# I need some attention!



## iceit4me (Jun 20, 2010)

I am feelling rejected. My H is not interested in satisfying me. He is selfish in bed. I have told him repeatedly what I like and I have even bought him a video on"how to". He watched it once and things went great the one time he did try. Nnothing since then for me though. He on the other hand is getting all the sex he wants from me. That means oral, he is only interested in intercourse for himself which last a total of 10 mins. I dont get it! Literally! I am a attractive woman hired by Highlight Modeling Company and still he doesn't care about my needs. I am even looking at other men even though I don't want an affair. I am gettng desperate. What can I do?


----------



## Sad_in_NY (Jun 23, 2010)

What are these things you are looking for? Foreplay, oral? 
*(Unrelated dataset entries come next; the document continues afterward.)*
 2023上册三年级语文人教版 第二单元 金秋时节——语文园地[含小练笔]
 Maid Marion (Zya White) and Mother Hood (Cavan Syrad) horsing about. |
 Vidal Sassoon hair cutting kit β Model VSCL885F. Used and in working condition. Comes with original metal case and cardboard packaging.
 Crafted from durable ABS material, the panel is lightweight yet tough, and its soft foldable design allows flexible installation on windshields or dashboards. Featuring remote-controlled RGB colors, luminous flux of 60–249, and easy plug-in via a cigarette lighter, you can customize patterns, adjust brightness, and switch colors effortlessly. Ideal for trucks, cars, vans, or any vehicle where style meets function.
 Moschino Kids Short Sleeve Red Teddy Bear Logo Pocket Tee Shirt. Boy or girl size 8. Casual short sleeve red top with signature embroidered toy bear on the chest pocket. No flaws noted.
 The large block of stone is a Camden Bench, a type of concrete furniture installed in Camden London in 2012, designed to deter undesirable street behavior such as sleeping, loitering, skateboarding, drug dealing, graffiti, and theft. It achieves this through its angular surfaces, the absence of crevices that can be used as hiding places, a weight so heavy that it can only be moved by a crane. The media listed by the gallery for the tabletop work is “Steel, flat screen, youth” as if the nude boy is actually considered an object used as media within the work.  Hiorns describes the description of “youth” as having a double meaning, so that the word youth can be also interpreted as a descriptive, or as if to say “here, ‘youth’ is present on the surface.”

Assuming you have discussed this with him, what was his reasoning for not performing prior to the video?


----------



## Crypsys (Apr 22, 2010)

iceit4me said:


> I am a attractive woman hired by Highlight Modeling Company and still he doesn't care about my needs.
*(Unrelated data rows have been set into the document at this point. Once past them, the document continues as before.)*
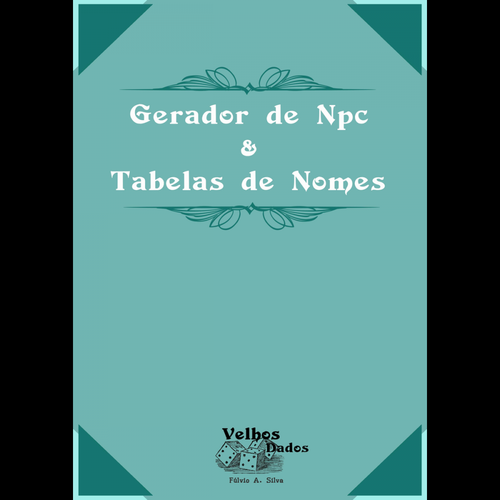 Gere Npc's para sua aventura ou campanha, rapidamente com esse suplemento. Aqui voce encontrara todos os requisitos basicos para criar npcs/coadjuvantes unicos para sua aventura, juntamente com mais de 800 nomes.
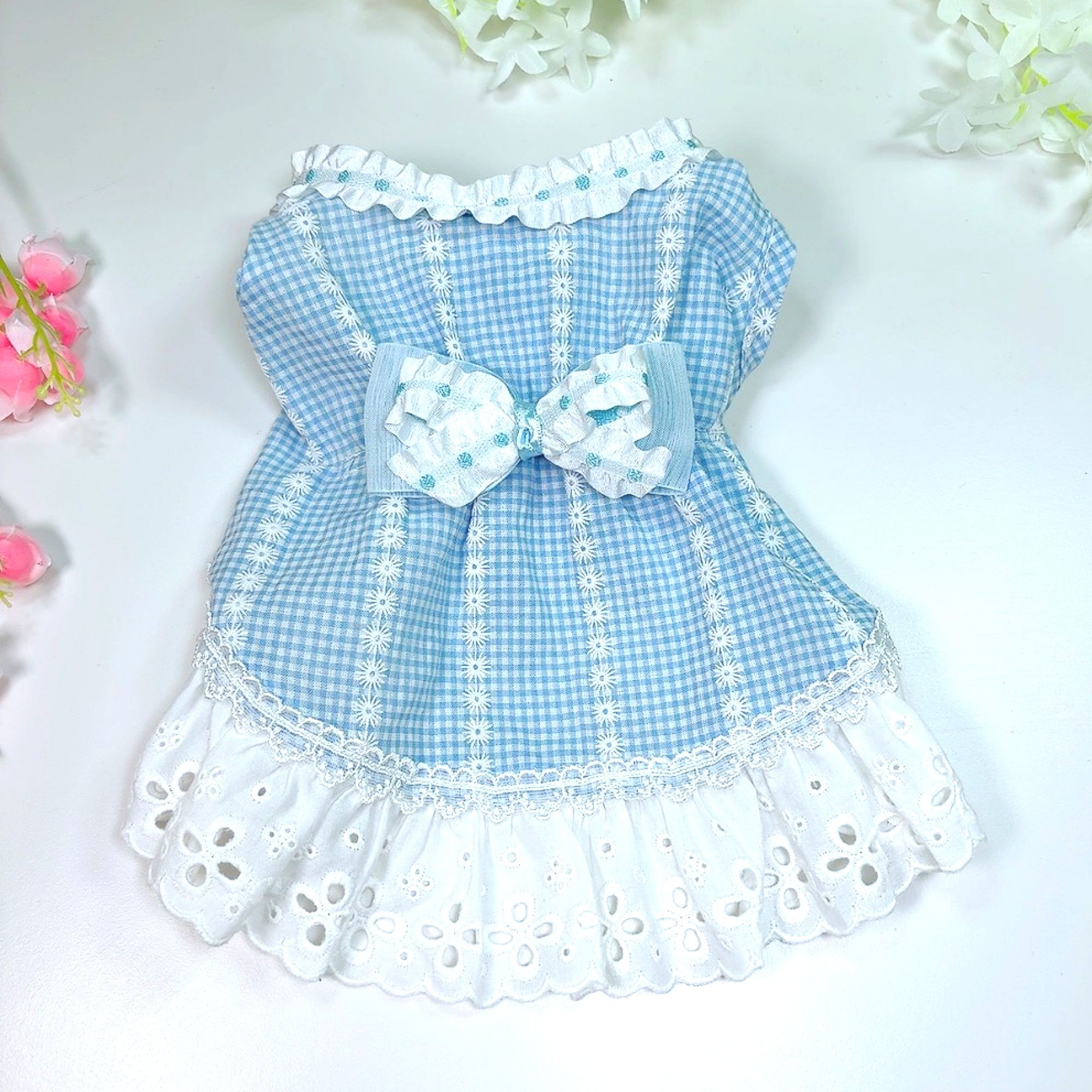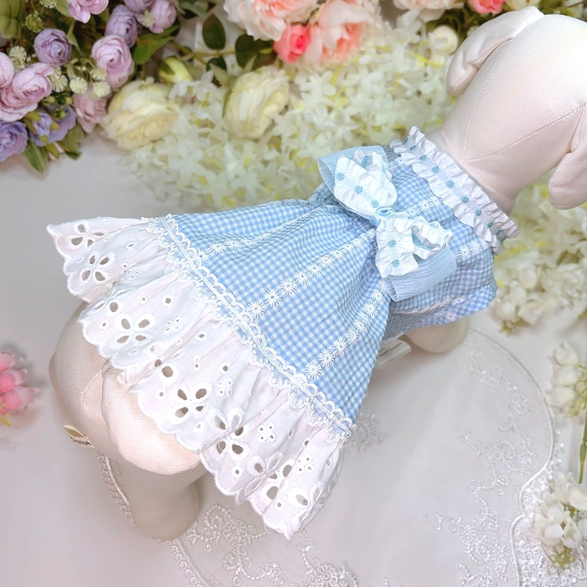 고급스런 블루고방체크에 하얀 플라워 프린트 드레스 ♥
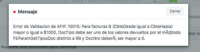 Error: 10015: Para facturas B (CbteDesde igual a CbteHasta) mayor o igual a $1000, DocTipo debe ser uno de los valores devueltos por el método FEParamGetTiposDoc distinto a 99 y DocNro deberá ser mayor a 0.
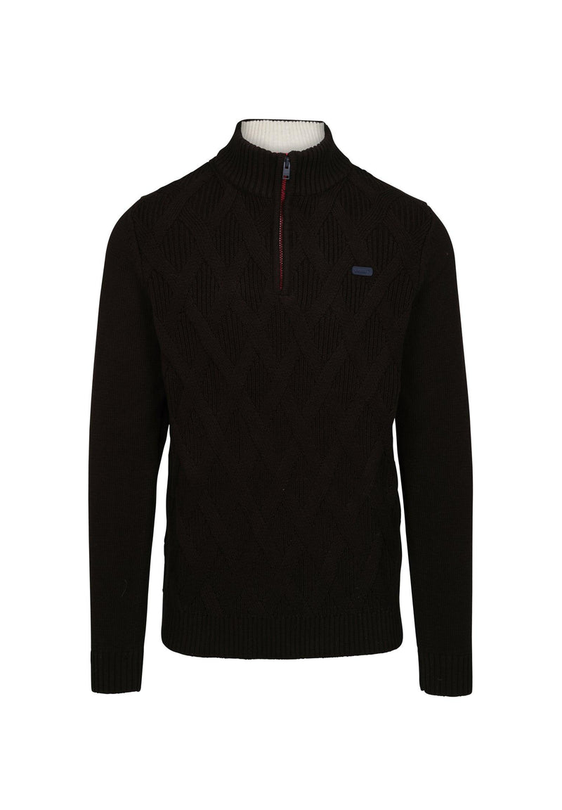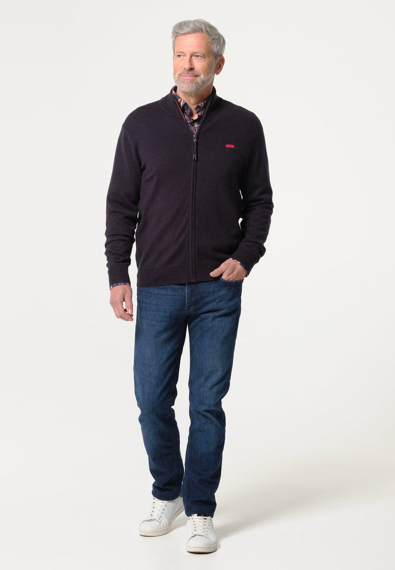 Blauwe herentrui met ritssluiting en hoge kraag

I think sometimes you ladies have us guys pegged wrong in some aspects. Yes, we are visual creatures, and yes looks do help to a certain extent. But, they are NOT all that matters and not all that gets us going. There is an old saying "No matter how good she looks, some guy somewhere is tired of putting up with her". Please iceit, don't value yourself on your looks, value yourself on who and what you are, not what you look like.
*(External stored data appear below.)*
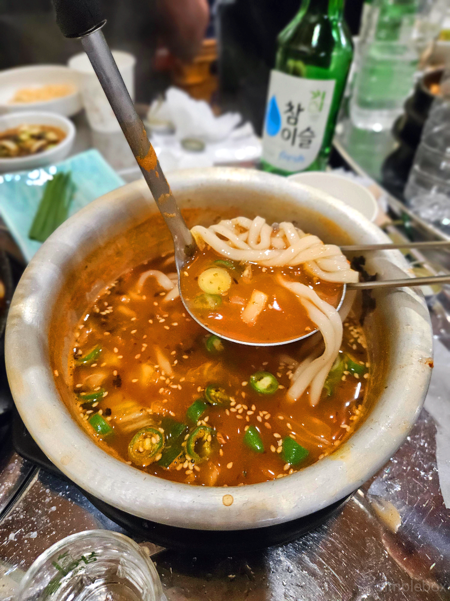 곱창을 실컷 즐긴 후, 깔끔하게 입가심할 겸 주문한 오징어김치칼국수는 기대 이상이었어요. 김치의 칼칼함과 오징어의 쫄깃함이 어우러져 속이 확 풀리는 느낌! 국물은 시원하고 감칠맛이 살아 있었고, 면도 퍼지지 않고 탱글탱글하게 잘 삶아져 있었어요. 곱창 먹고 마무리로 딱 좋은 메뉴였습니다.
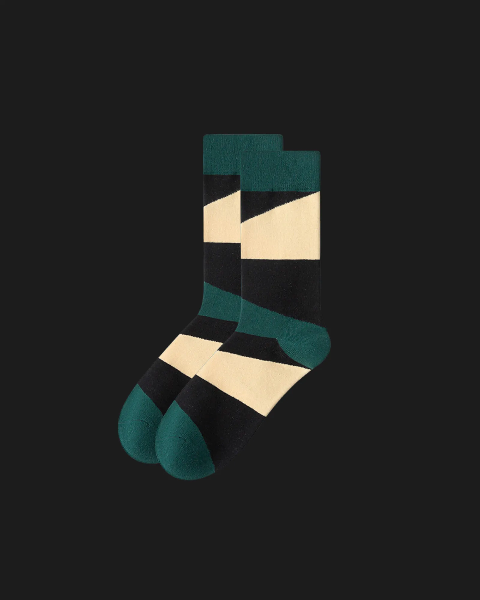 Featuring sharp geometric cuts in black, white, and deep green, Monochrome Edge is the ultimate sock for lovers of modern, minimalist design. A versatile yet eye-catching choice that pairs effortlessly with any wardrobe.
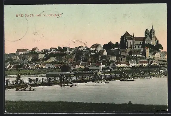 AK Breisach, Ortsansicht mit Schiffbrücke
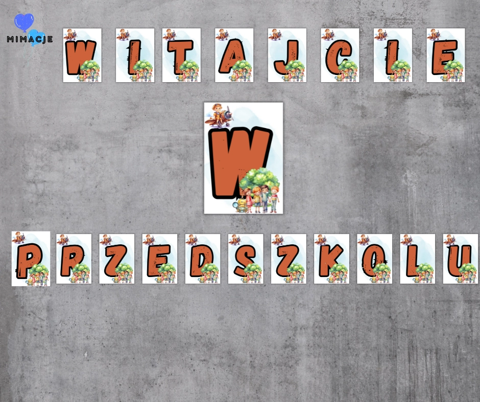 Zestaw zawiera napis WITAMY W PRZEDSZKOLU.
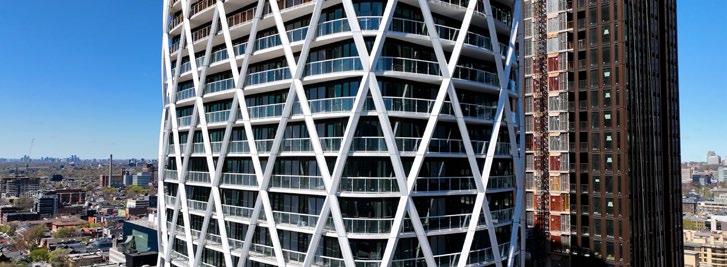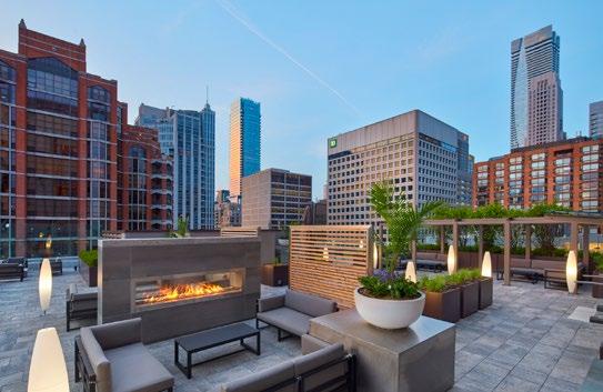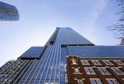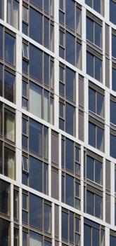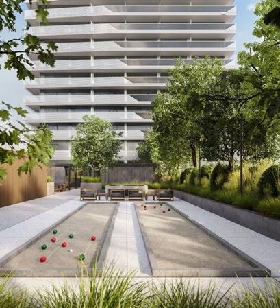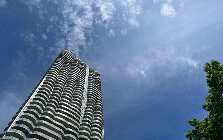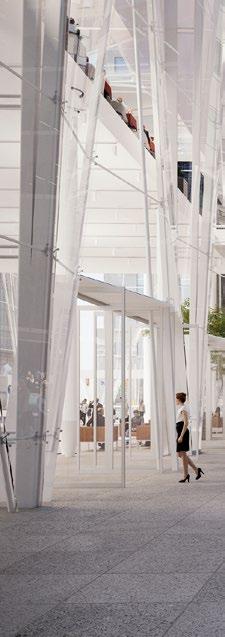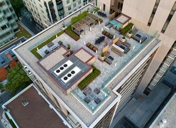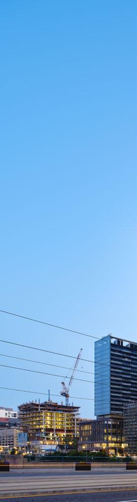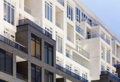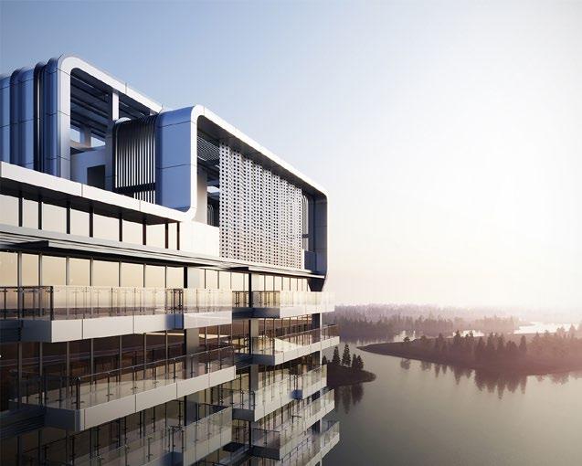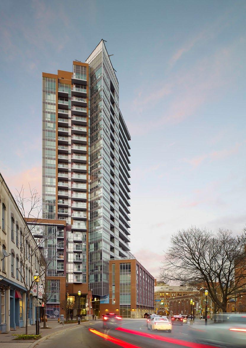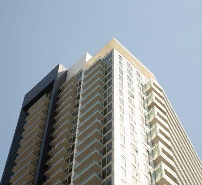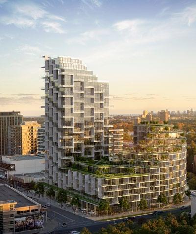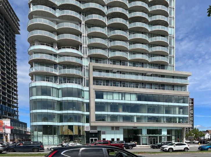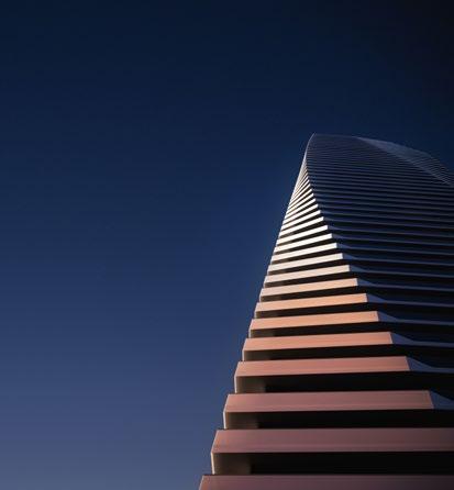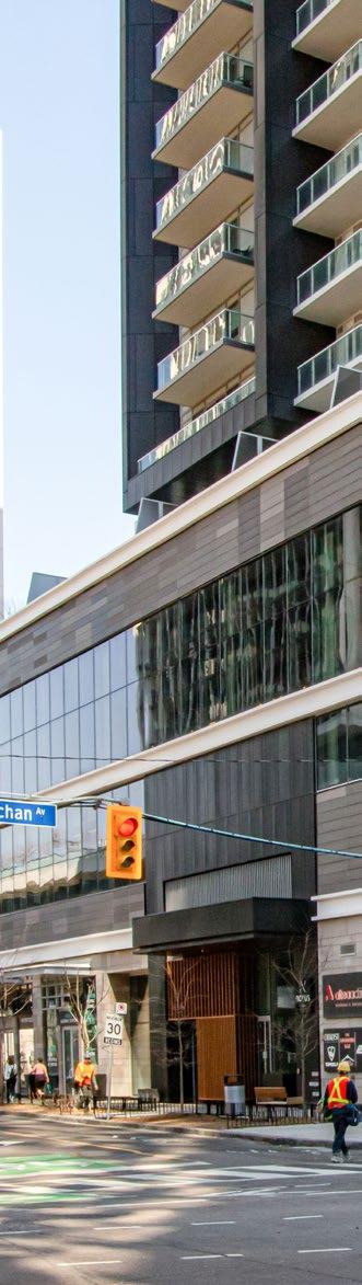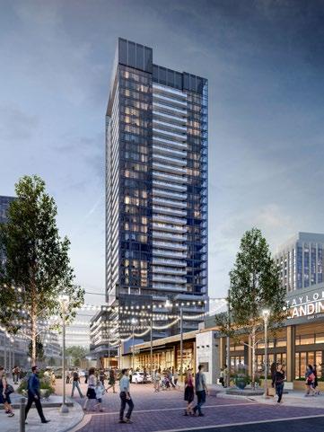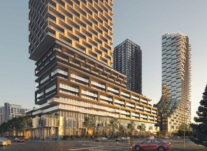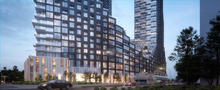 The two NOVUS towers, of 34- and 25-storeys, are a part of the Garrison Point mixed-use development that sits at the east gateway entrance to Toronto’s Liberty Village and is bounded by two railway lines – CN Rail and GO Train – and Strachan Avenue. The towers share a four-storey podium comprised of retail and commercial units on the first three floors and a retail patio located to at the north-east corner. At grade the podium is clad with Algonquin limestone with a granite base to create a luxurious street level atmosphere. The second and third floor commercial areas are clad with terracotta panels to tie in with the red-brick of the existing neighbourhood. Green roofs on the fourth and fifth floors enhance the sustainability profile of the buildings. The towers, visually narrowed through the articulated façades that feature lighter coloured finishes on one side, rise elegantly and are occupied by 579 purposebuilt rental residential units. Indoor and outdoor amenities spaces are provided on the top floor of each tower and shared amenities spaces are located in the fourth floor of the podium. A pedestrian pathway connects the towers to Strachan Avenue to the west and to the planned public park to the east.

Have you sat down and spoke to him about your needs when your not in an argument? Have you outlined EXACTLY what you are looking for? Not beating around the bush and saying things like "I want to be pleased"? But told him directly "Babe, I'm feeling like my needs are not being met. Can you please start performing oral on me beforehand? Or rubbing my butt while you do X, etc"? We don't always think like you ladies do and things that are common sense to yall can be an alien concept to us.


----------



## iceit4me (Jun 20, 2010)

I have tried all the things that were suggested. He is onl concerned about his O. Things go way beyond the bedroom. I am wondering if he is having an affair. He works earlly comes home late. Has customers call him on his cell phone all the time as he is a plumber. Lately he has opened 3 different bank accounts without my fore knowing. I am very upset about. When confronted he said he did it so he could cash checks easier from clients. Sounds fishy to me. He totally forgot my birthday a mounth ago. Thought that the next day he would make it up to me. He didn't. I asked him about it and he said that after he missed my birthday " oh well". Wow! That tells me how much I mean to him or rather, how much he doesnt care about me. I just am so alone and unhappy.


----------



## Sad_in_NY (Jun 23, 2010)

Well, given those pieces of information I think you have a clear idea of what you need to do - leave him. He is clearly not at al concerend with your happiness and isn't worried that you will leave him. Have you ever given him any indication that you would leave him? And/or is he just taking you for granted? 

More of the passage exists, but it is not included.